Bear steepening is a signal the market believes the Fed could be behind the curve
The 10 or 15 basis points of bear steepening that we saw recently now looks to have been limited. We are still at a level where the 10-year trades at 32 basis points more than the 2-year. So the curve is, indeed, somewhat steeper than it was in August or early September. But the same dynamic that began with the regime shift is still with us. And it is saying that interest rates will go up in waves before asset markets gets spooked and sell off. We are seeing one such episode now.
I still see the market shift to bear steepening as significant though, because it is a marker for the market’s realization that the economy is resilient enough for the Fed to continue to raise rates more than it has guided for. In short, the market now believes the Fed is behind the curve. How dos it deal with that though?
Up until now, the concept that the Fed was behind the curve meant steepening as the market believed any rate hikes would not derail economic growth or earnings growth. But we are seeing a big hiccup, doubts about that argument. That’s what the equity sell-off, bond rally means.
I believe this episode will pass in due course, with the market now inured to the 3.25%, resulting in a march higher from here.
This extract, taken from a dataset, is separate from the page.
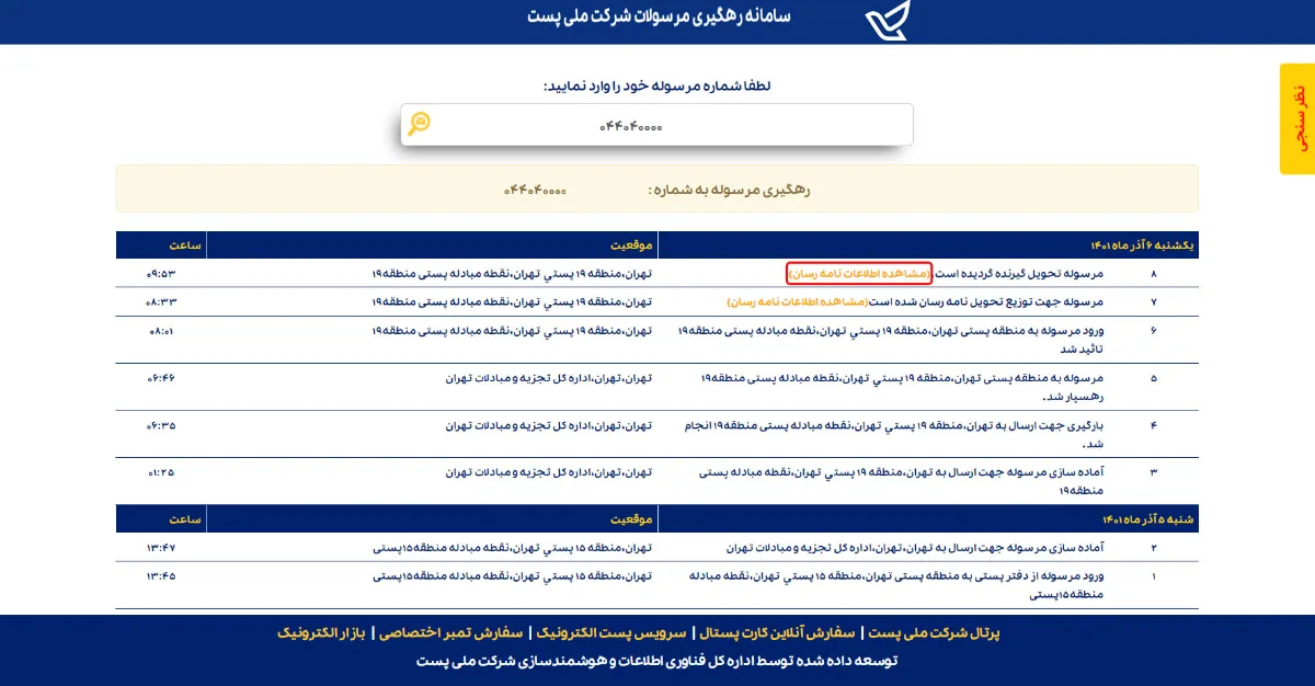 در صفحه جدید وضعیت بسته شما نشان داده می شود.

It’s take us a really long time to get here because the bond market rally after we hit 3% was so extended that it almost seemed we wouldn’t get to 3.25% before the curve flattened into inversion.
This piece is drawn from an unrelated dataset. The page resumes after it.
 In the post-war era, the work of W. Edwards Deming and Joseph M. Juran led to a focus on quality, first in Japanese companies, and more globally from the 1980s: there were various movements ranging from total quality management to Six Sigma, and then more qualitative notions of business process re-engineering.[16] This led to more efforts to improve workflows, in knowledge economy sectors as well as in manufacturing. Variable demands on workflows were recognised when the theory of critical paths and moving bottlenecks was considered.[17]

But we’re here now. And the Fed is signalling more rate hikes are to come. We’ll just have to see how the real economy holds up.
The initial real economy impact
My baseline is that the US economy powers through 2018 with some pockets of weakness. We are seeing that weakness in the interest-sensitive housing sector. But the latest GDPNow reading that came out yesterday still shows 4.2% for Q3 growth. That’s up from the previous read of 4.1%, with just over two weeks left before we see the actual number.
I think Reuters has it right:
Rising costs for companies are worrying investors already concerned about a step down in U.S. corporate profit growth next year as Wall Street’s focus turns away from 2018’s tax-fueled earnings boost.
My view: This will pass. Equities are not headed for a bear market just yet.
Instead, as Neil Irwin puts it, “interest rates are rising for all the right reasons.”
“The long end of the yield curve has finally moved to the view that this could be a more persistent recovery,” said Michelle Meyer, head of U.S. economics at Bank of America-Merrill Lynch. “It’s reflecting the possibility that this recovery has further legs.”
But, crucially, the higher long-term interest rates don’t seem to be driven by expectations that inflation will soar higher.
Credit distress in 2019 and beyond is the key
Back in April, I talked about what I called “the Bonton effect,” when perfectly healthy retailers go bankrupt.
As I said in February, “at some point, there will be a negative impact on credit and that will feed through into the real economy.” The question is when. My assumption is that the Fed will continue to raise rates right up until the curve is almost completely flat. And at that point, it will pause. We will then see how the existing policy stance feeds through into credit markets and the real economy.
Telltale signs that tightening is having an effect will come via increased high yield default rates and company liquidations. Let’s call it “The Bonton Effect”. I think of Bonton, the Pennsylvania retailer that just declared bankruptcy, as an intrinsically healthy department store. But it is struggling with changing industry dynamics and a mountain of debt.
This isn’t Sears here. I don’t see the imminent bankruptcy of Sears as a “Bonton Effect” bankruptcy. But a Tesla would be. And I anticipate we are going to see this kind of distress in the latter half of 2019 if not before.
In the meantime, watch for signals that we are moving to four rate hikes in 2019 in addition to four in 2018. This may be enough to push us into distress. But, then again, it may not be. It’s just too early to tell.